Search

What a Year for the 30 Year Mortgage Rates


January started calm but the first reports of the consumer price index rate for December 2021

arrived mid-month and all the sudden inflation was upon us. A reading of the press release for

the mid December 2021 meeting of the FOMC (Federal Open Market Committee) that sets the

prime interest rate, barely mentions inflation other than saying inflation had been running over

their target rate of 2% for some time but no action was taken or note of alarm of its impending

impact on our economy was mentioned. Or was any change in their approach in controlling

interest rates. The 30-year mortgage rate was 3.1%.

Today the nationwide interest rate for a 30-year mortgage is now 7.3%. The average interest rate

for the past 50 years, 7.76% according to Freddie Mac. So, we can say we have lived this rate

and life continued pretty much the same for us.




Life changes are prime factors in real estate. As we all know too well life can change in a hurry.

Those life changes may require a change of scenery or at least a change of address to live

comfortably as we can. We will figure it out and live our lives as best we can just like

generations have before us. Just remember we are sources for help in your real estate decisions.

We do this every day, and we love doing it. Always happy to help!

For more info about the Federal Reserve, our central bank, read below. After the first sentence

the rest is directly from their website.

The Federal Reserve and more specifically the Federal Open Market Committee (FOMC)

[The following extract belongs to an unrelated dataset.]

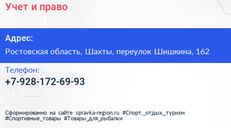 Учет и право по адресу Ростовская область, Шахты, переулок Шишкина, 162 в дальнейшем Организация, размещена в следующих категориях:

members manage the economy for 5 specific goals. This is directly from the Federal Reserve

website.

“The Federal Reserve System is the central bank of the United States. It performs five

general functions to promote the effective operation of the U.S. economy and, more

generally, the public interest. The Federal Reserve

  • Conducts the nation’s monetary policy to promote maximum employment, stable prices, and moderate long-term interest rates in the U.S. economy.

  • Promotes the stability of the financial system and seeks to minimize and contain systemic risks through active monitoring and engagement in the U.S. and abroad.

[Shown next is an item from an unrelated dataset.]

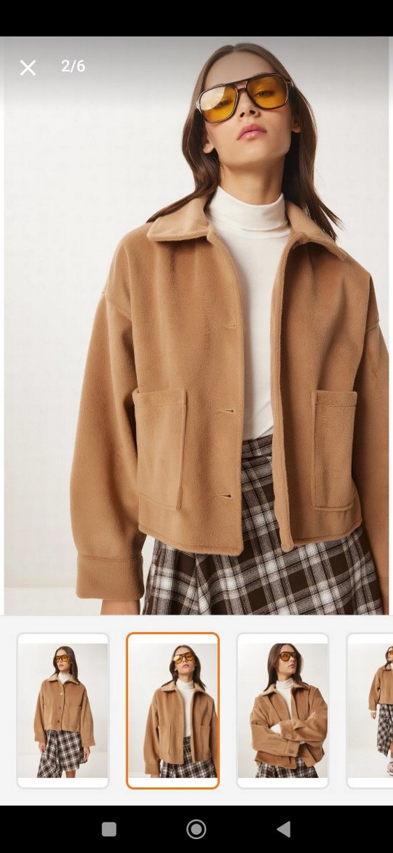 Camel renkli, düğmeli mini kadın ceket, geniş kesim, uzun kollu ve kesik yakalıdır. Önünde iki cep bulunur, yumuşak ve sıcak kumaştan yapılmıştır.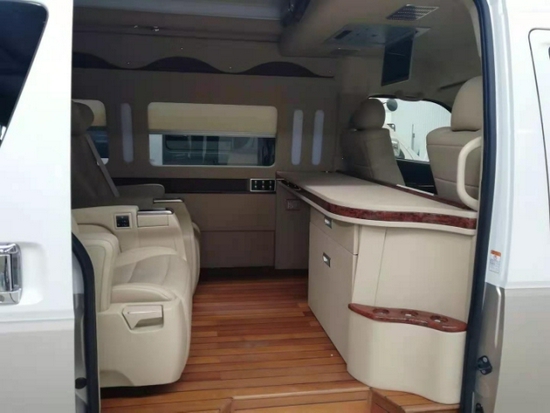 国六丰田海狮宽大的深灰色隐私车窗,令车身侧面外观保持连贯流畅,全车整体更协调自然。内置项目包括豪华办公桌、高级旋转多功能座椅电影音系统、冰箱,桃木内饰,私密玻璃,卫星导航系统等几十个项目。

  • Promotes the safety and soundness of individual financial institutions and monitors their impact on the financial system as a whole.

  • Fosters payment and settlement system safety and efficiency through services to the banking industry and the U.S. government that facilitate U.S.-dollar transactions and payments.

  • Promotes consumer protection and community development through consumer-focused supervision and examination, research and analysis of emerging consumer issues and trends, community economic development activities, and

the administration of consumer laws and regulations.”